- Leader: Andriy Novytskyi
- Founded: October 24, 2018
- Headquarters: Uzhhorod, Ukraine
- Ideology: Regionalism
- Verkhovna Rada: 0 / 450
- Zakarpattia Oblast Council: 12 / 64
- Regions: 354 / 43,122

= Native Zakarpattia =

Ukrainian political party

Native Zakarpattia (Рідне Закарпаття) is a political party in Zakarpattia Oblast, western Ukraine. Founded in 2018, its leader is Andriy Novytskyi. It holds a plurality of 12 seats on the Zakarpattia Oblast Council won in the 2020 Ukrainian local elections, making it the largest regional party in Zakarpattia. The party was founded by four Ukrainian MPs from the Dovira faction.

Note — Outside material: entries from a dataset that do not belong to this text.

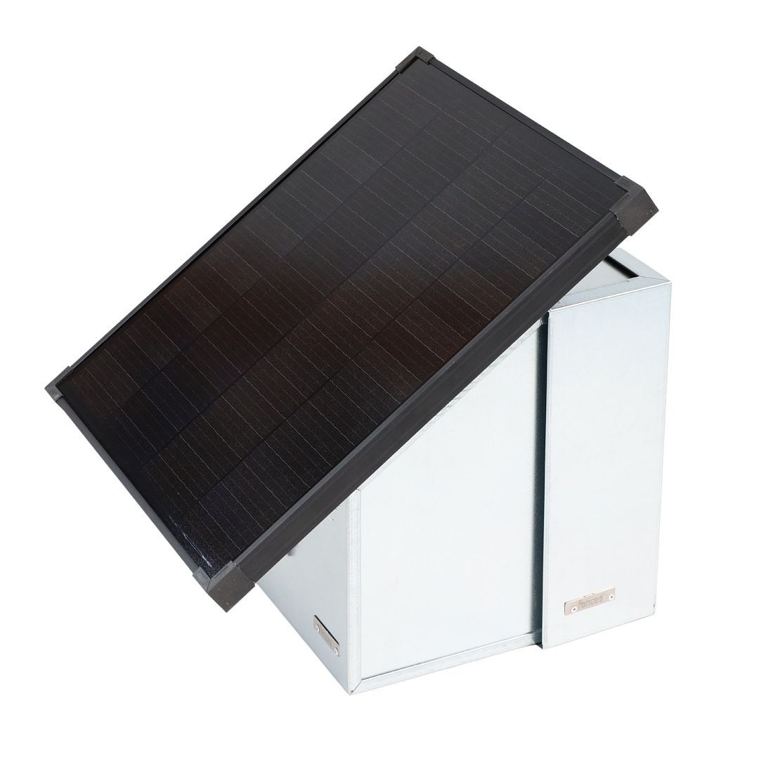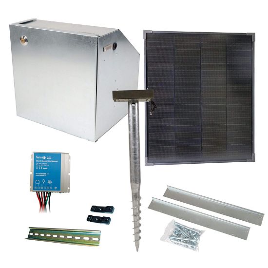 Systém pro solární nabíjení baterie zdroje elektrického ohradníku. Sada neobsahuje generátor a baterii. Baterii a vhodný generátor s kombinovaným napájením je třeba dokoupit.
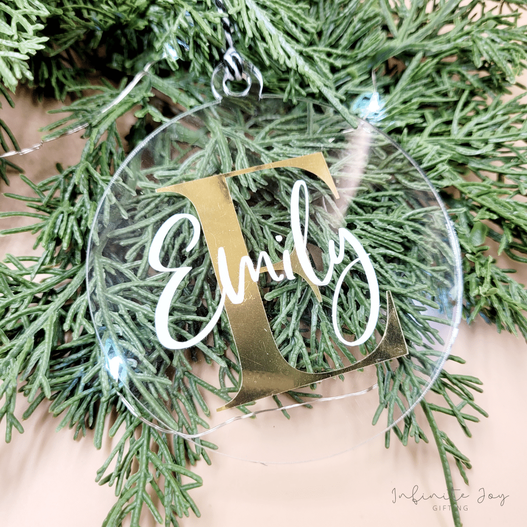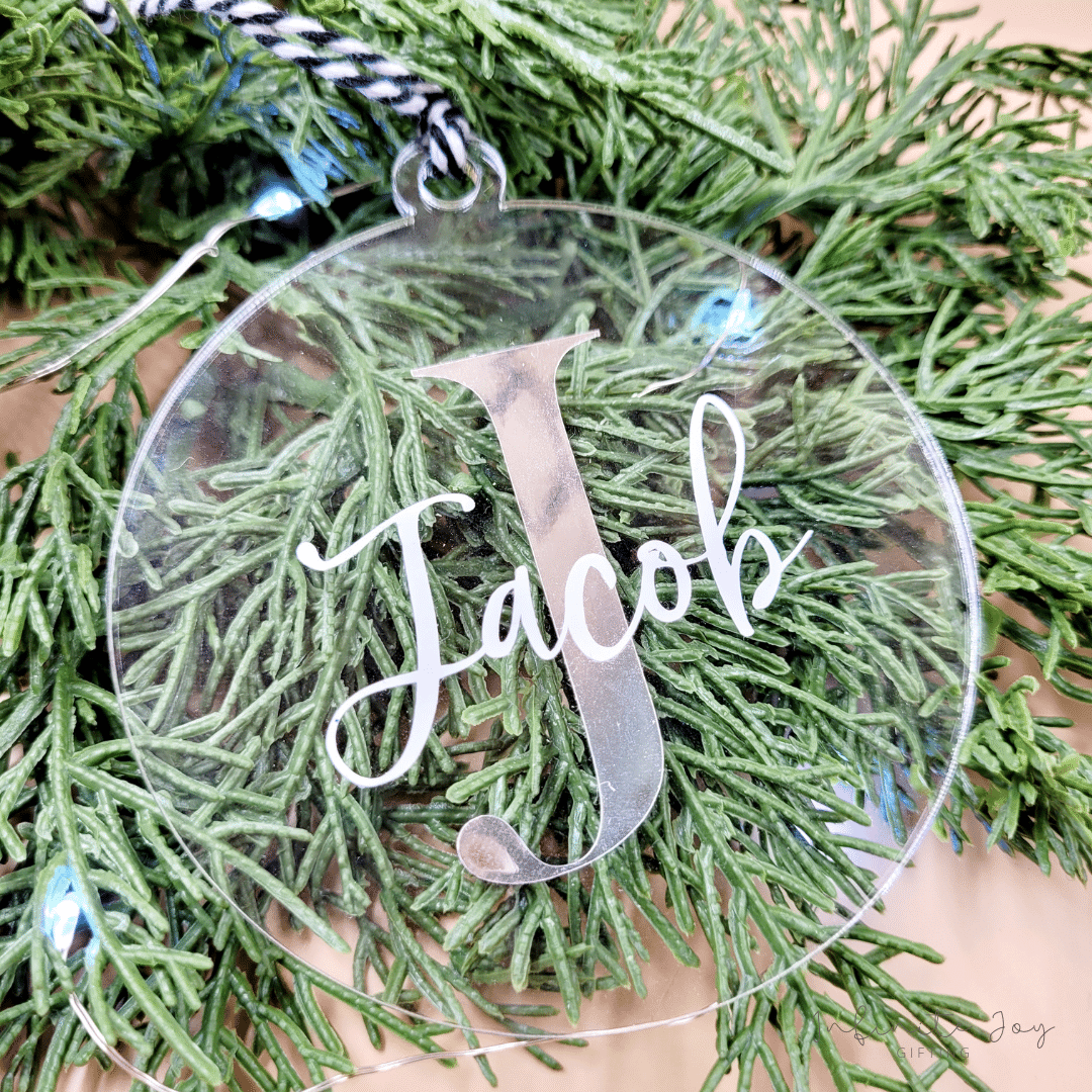 Add a personal touch to your holiday decorations with our elegant monogram tree decoration. Crafted from high-quality clear acrylic with chrome vinyl personalisation, this ornament is designed in a sleek, minimalist style featuring a single initial together with name. Perfect for families, couples or individuals, it adds a custom touch to any Christmas tree.
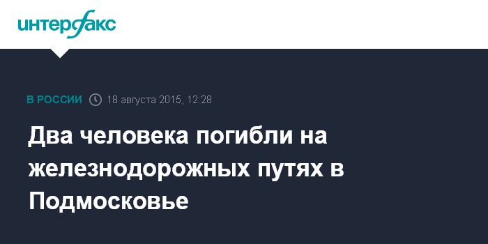 Москва. 18 августа. INTERFAX.RU - Два человека, мужчина и женщина, погибли на востоке Московской области, попав под электричку в момент, когда пытались попасть на платформу, перебегая железнодорожные пути. Об этом "Интерфаксу" сообщили во вторник в пресс-службе Московского межрегионального следственного управления на транспорте (ММСУТ).

These four MPs being Vasyl Petiovka, Valerii Lunchenko, Robert Horvat and Vladislav Poliak.

On 25 November 2021 Volodymyr Chubirko of Native Zakarpattia was elected chairman of the Zakarpattia Oblast Council.

On 9 September 2024 party member and member of the Zakarpattia Oblast Council Myroslav Biletskyi was appointed acting Governor of Zakarpattia Oblast.